Twenty five years have passed away since the massacre on the June Fourth 1989 in Beijing. The history provides inspiration for many stories. However, the dictatorial suppression by the Chinese authorities is still alive. The Chinese writer Ma Jian’s novel Beijing Coma (2009) is an epic novel focusing on the June Fourth Tragedy. Today it draws more attention to its meanings in both history and reality and its literary values. In my opinion, it is a novel with philosophical implications.

A Book about the Metamorphosis in China

The narrator and hero is Dai Wei, a student activist, one of the organizers of the 1989 protests for freedom. He spends ten years in a coma after he was shot in the head during the government crackdown in Tiananmen Square. It is an irony that after ten years in a coma, Dai Wei awakes and finds that the darkest page of Chinese history has disappeared completely from the national memory, but he remains live with vivid and articulate memories of the events and still seeks love in his recollection of past times.

In his essay “Circling the Square”(The New York Times, July 13, 2008), Jess Row tries to explain the meaning of the novel’s original title “Rou Tu”: “The Chinese character ‘rou,’ meaning ‘flesh’ or ‘meat,’ is a three-sided figure with two sets of diagonal slashes inside, meant to resemble a flayed carcass.

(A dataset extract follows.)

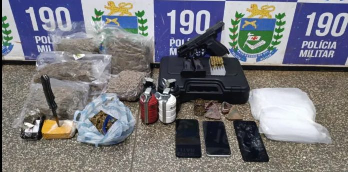 Nas diligências realizadas nas proximidades, os policiais localizaram, em meio à vegetação, uma maleta contendo uma pistola calibre 9mm, dois carregadores e diversas munições. Durante a continuidade das buscas em uma residência próxima, as equipes encontraram ainda granadas de efeito moral, aparelhos celulares, um caderno de anotações e diversas porções de maconha, skunk e haxixe, além de documentos em nome de terceiros.
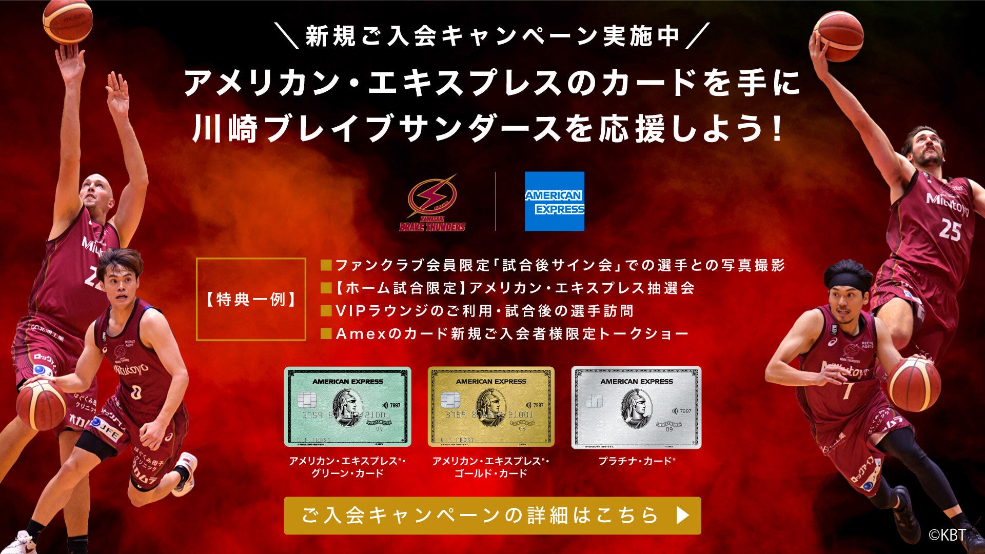 このたび、川崎ブレイブサンダースでは「アメリカン・エキスプレス新規カード入会キャンペーン」を実施いたします。

It’s an instantly memorable, if unpalatable, image, and the same is true of the Chinese title of Ma Jian’s new novel. ‘Rou Tu’ (‘tu’means ‘earth’ or ‘land’) translates, awkwardly, as ‘Meat Earth’ or perhaps ‘Land of Flesh.’”

In my opinion, here the character ‘rou’means ‘body’ from the dualist conceptions of ‘rou’ (body) and ‘ling’ (mind). In different meditation traditions, body-mind is a compound of body and mind, and the mind–body problem in philosophy can be viewed as a paradox. The original title “Rou Tu” should be translated “The Earth of the Human Body”.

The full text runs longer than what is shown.